I didn’t want to be a bad guest so I finished watching the movie, but the whole time I was noticing the odd way that this movie appeared on my friends TV. Later on I did some research to figure out what was going on. Their TV had a low quality video processor in it that tried to up-convert the standard definition DVD to high definition. The result was that everything looked the same.

The problem is that movies are made to be blurry at times. When you’re watching the final game of the NCAA tournament you want every detail to be crisp, so a high refresh rate is just the thing. But movies are made by directors who want to show you their vision of the world. Sam Rami used blurring during camera pans to hide some of the special effects flaws. Making the background fuzzy in relation to the foreground is a way that directors draw our attention to the important elements in the story. But with the overly high refresh rate on their run-of-the-mill television flattened it out and all the details looked the same.

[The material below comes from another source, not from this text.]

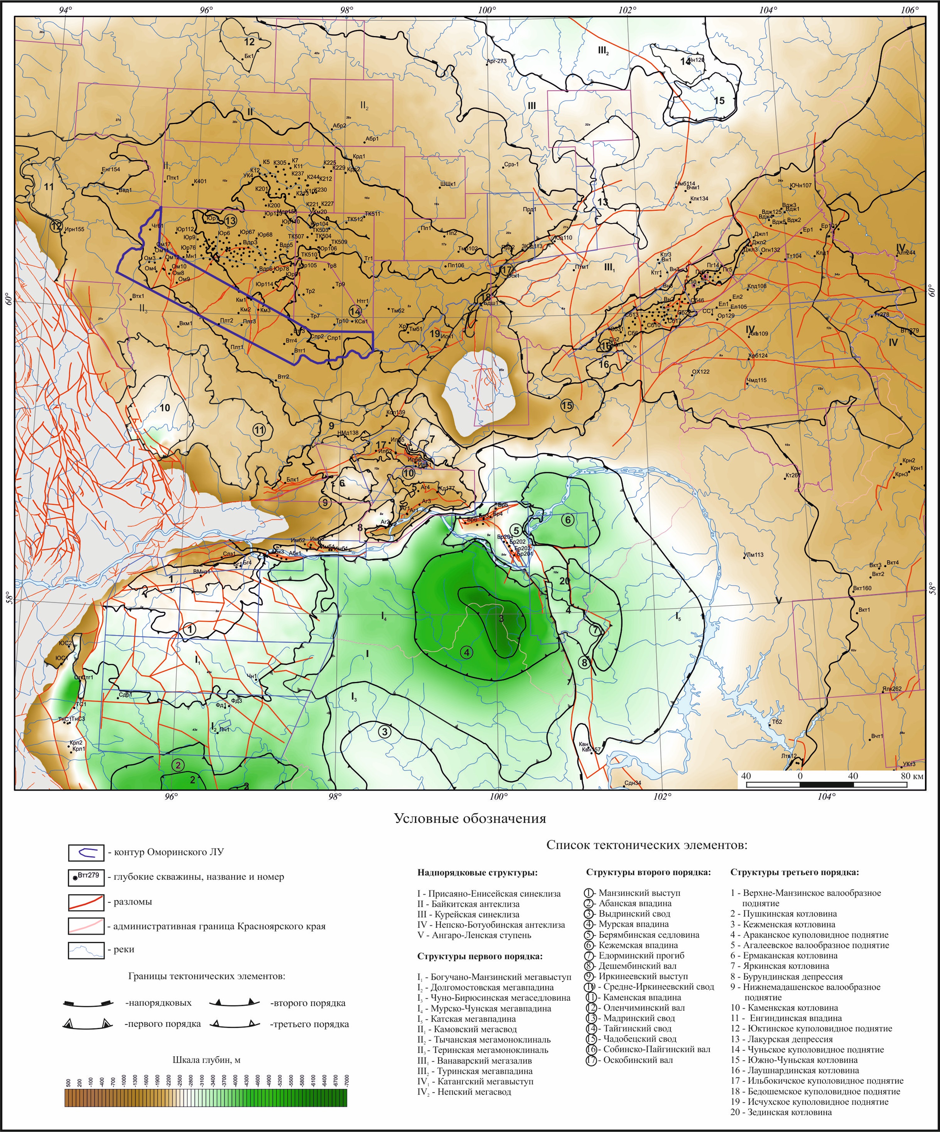 В пределах Оморинского лицензионного участка по данным сейсморазведки выявлена система дизъюнктивных нарушений разной направленности. На Салаирской площади дизъюнктивов в венд-кембрийском ярусе не выделено. Исключение составляют мелкие нарушения (большей частью в верхней части разреза), связанные с проявлением траппового магматизма, который в пределах рассматриваемой территории пространственно локализован на двух уровнях. Первый охватывает верхнюю часть разреза в пределах ангарской и бельской свит; второй - отложения усольской свиты.
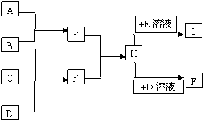 已知:A是淡黄色固体;B在通常情况下为无色液体;D是极易溶于水的无色气体,该气体通入AgNO3溶液产生既难溶于水又难溶于稀硝酸的白色沉淀;C、F、H、G含有同种元素。

A cheap video processor is the same as a cheap fast food meal. Just like everything on the menu at Taco Bell tastes the same, all the images on my friends TV looked pretty much identical. But Runco DHD video controllers are more like a chef at a fine restaurant than the kid at Taco Bell. Each flavor in an exquisite meal is distinct and pairs well with the other flavors to create a total experience that is far beyond any one of the components.

If the incoming signal is a grainy like old black-and-white film, the DHD won’t wash out all of the character the director poured into the celluloid, but rather massage it and present it beautifully. Standard definition DVDs, HD Sports, old movies and cutting edge Blu-ray blockbusters are all seamlessly brought to life on a Runco flat panel or projector without losing the flavor of the original.